▶ [AVAILABLE DATA]:
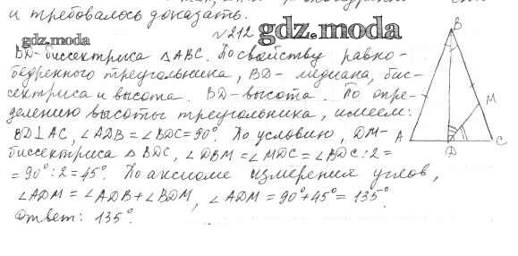 ГДЗ решение к заданию № 212 Геометрия 7 класс Мерзляк А.Г. Вентана-граф 2017 ФГОС бесплатно на гдз.мода!
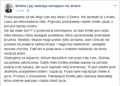 Nie tak miało być... Niestety, Emilka Jasic z Oleszyc przegrywa z chorobą. Poinformowała o tym poprzez Facebooka rodzina dziewczynki.
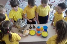 Бер ачасы иде, ачасы.Уртанчылар төркеме балалары татар авылы көнкүреше белән таныштылар,хәзерге һәм элекке заманда кулланылган савыт-саба турындагы белемнәрен ныгыттылар.
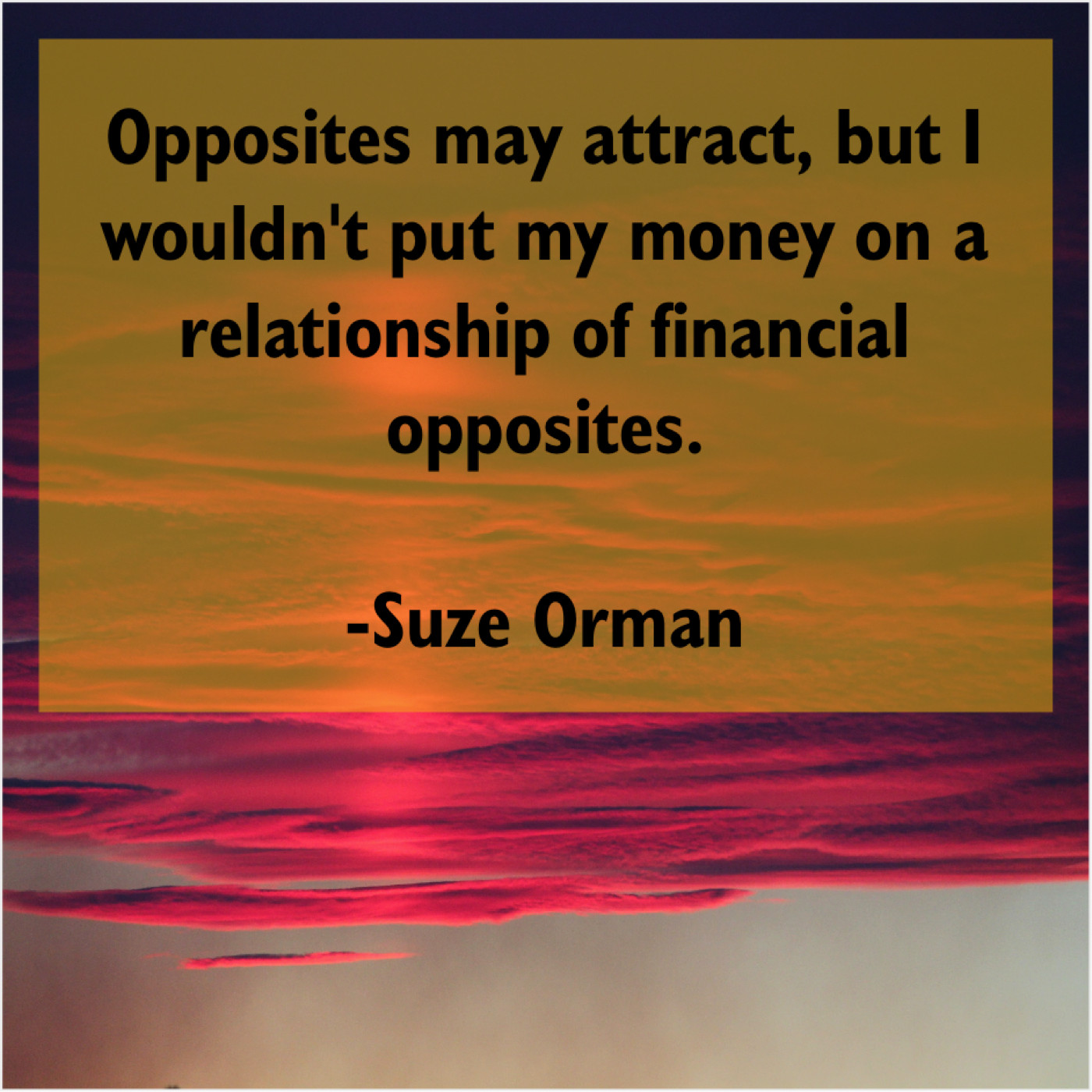 Suze Orman Suze Orman – Opposites may attract, but I… August 20, 2019 admin “Opposites may attract, but I wouldn’t put my money on a relationship of financial opposites.”-Suze Orman

▶ [EXERCISE DETAILS]: Could you reproduce all of the material exactly? Keep the pictures out of it.

▶ [TASK SOLUTION]:
 ГДЗ решение к заданию № 212 Геометрия 7 класс Мерзляк А.Г. Вентана-граф 2017 ФГОС бесплатно на гдз.мода!
 Nie tak miało być... Niestety, Emilka Jasic z Oleszyc przegrywa z chorobą. Poinformowała o tym poprzez Facebooka rodzina dziewczynki.
 Бер ачасы иде, ачасы.Уртанчылар төркеме балалары татар авылы көнкүреше белән таныштылар,хәзерге һәм элекке заманда кулланылган савыт-саба турындагы белемнәрен ныгыттылар.
 Suze Orman Suze Orman – Opposites may attract, but I… August 20, 2019 admin “Opposites may attract, but I wouldn’t put my money on a relationship of financial opposites.”-Suze Orman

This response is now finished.